Source records:
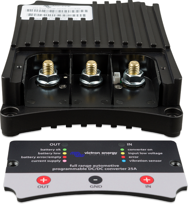 DC-DC omvormer voor het opladen van een 12V- of 24V-serviceaccu in voertuigen met een
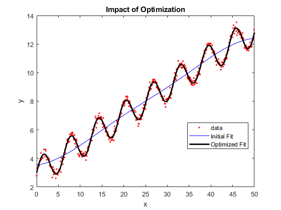 figure(); plot(x,y,'r.'); hold on plot(x,ypred1,'b'); plot(x,ypred2,'g'); xlabel('x'); ylabel('y'); legend({'data','default kernel parameters',... 'kparams0 = [3.5,6.2], sigma0 = 0.2'},... 'Location','Best'); title('Impact of initial kernel parameter values'); hold off
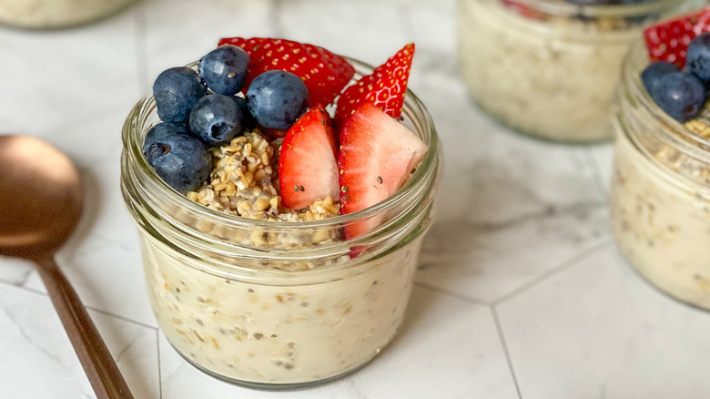 Once you finish mixing, cover the bowl, or get four airtight containers. Be sure to evenly divide the mixture into four equal portions. "When dividing this into individual portions, I love using mason jars as they are easy to grab on-the-go — plus, they look so pretty! However, any airtight containers will do, glass or plastic," MacLean shares. "I mixed everything in a large glass bowl and let that sit overnight before dividing it. However, this recipe can be divided into quarters in order to make the overnight oats directly in the jars, if that's preferred!"
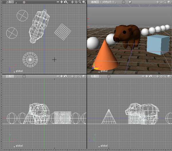 「セルアニメ」に設定を変更した形状のみ、「セルアニメ」調にレンダリングされました。
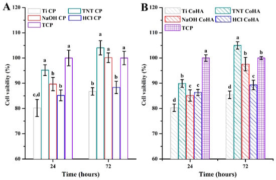 Proliferation determined according to 3-(4,5-dimethylthiazol-2-yl)-2,5-diphenyltetrazolium bromide (MTT) assay of MG63 cell for 24 and 72 h. (A) LAB CaP solution. (B) LAB CoHA solution. Means with different letters were significantly different (p < 0.05, mean ± SD, n = 4).
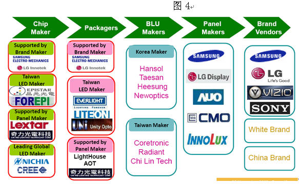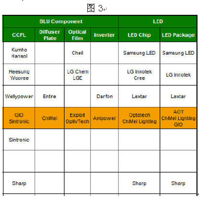 2. 目前正處于CCFL與LED背光產(chǎn)品世代交替之時, 整機廠商應(yīng)積極主動掌握LED背光資源,逐步取代CCFL,均衡健康的完成內(nèi)部供應(yīng)鏈結(jié)構(gòu)以及生產(chǎn)制造工序的調(diào)整。
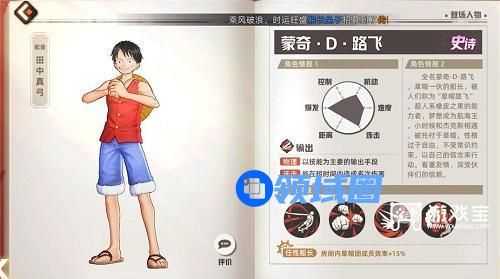 4、路飞是一个史诗伙伴,但是输出能力也是超强,有多段的输出伤害,而且和艾斯一起,也可以提高双方10%的效率。这样整个队伍的输出和持续输出能力都非常的强,不管是过本还是竞技场都非常好用哦。
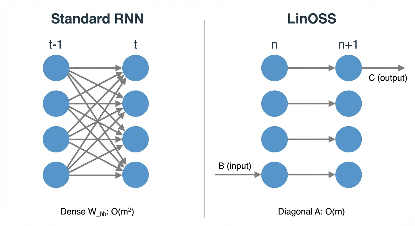The theoretical foundation arrived in 2023 with “Neural Oscillators are Universal” (NeurIPS). This paper proved that forced harmonic oscillators with a nonlinear readout layer can approximate any continuous function. The key realization: if nonlinearity only happens between oscillator blocks (in the readout), the oscillator core can stay entirely linear. Linear means the recurrence has a closed form. Closed form means parallel scan. That’s LinOSS.
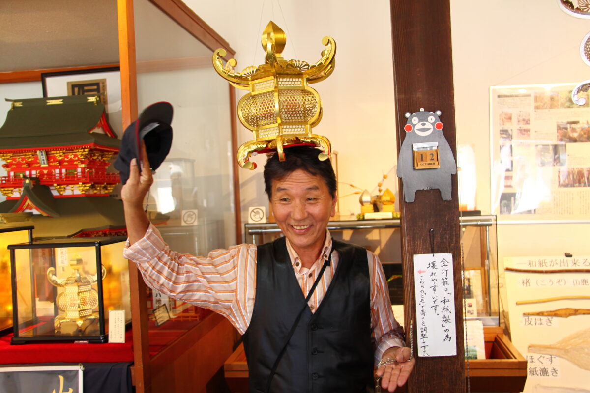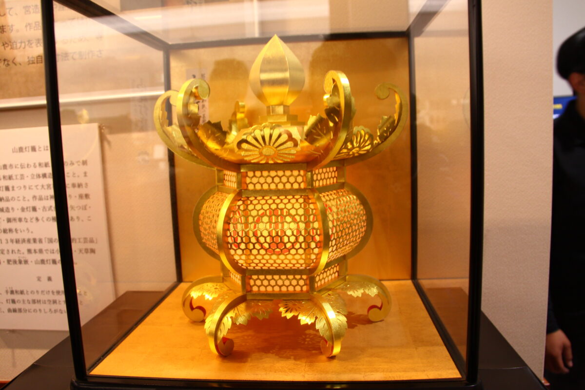 国指定伝統的工芸品「山鹿灯籠」。和紙と少量ののりだけで作られる山鹿灯籠は、その繊細さと美しさから和紙工芸の極致とも評されているそうです。
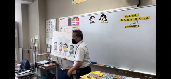 また、帰り道などで知らない人に声をかけられたときにどうするのかについても学ぶことができました。助けの呼び方、きしゅう君の家、110番通報といった方法や、「いかのおすし」といった言葉を大事に、一人ひとりの注意が大切であることを教えてくれました。

- _ASSIGNMENT_
Produce an exact copy of only those lines that run from the line with "国指定伝統的工芸品「山鹿灯籠" to the final line of the records, including both; exclude images.

- _RESPONSE BOX_
 国指定伝統的工芸品「山鹿灯籠」。和紙と少量ののりだけで作られる山鹿灯籠は、その繊細さと美しさから和紙工芸の極致とも評されているそうです。
 また、帰り道などで知らない人に声をかけられたときにどうするのかについても学ぶことができました。助けの呼び方、きしゅう君の家、110番通報といった方法や、「いかのおすし」といった言葉を大事に、一人ひとりの注意が大切であることを教えてくれました。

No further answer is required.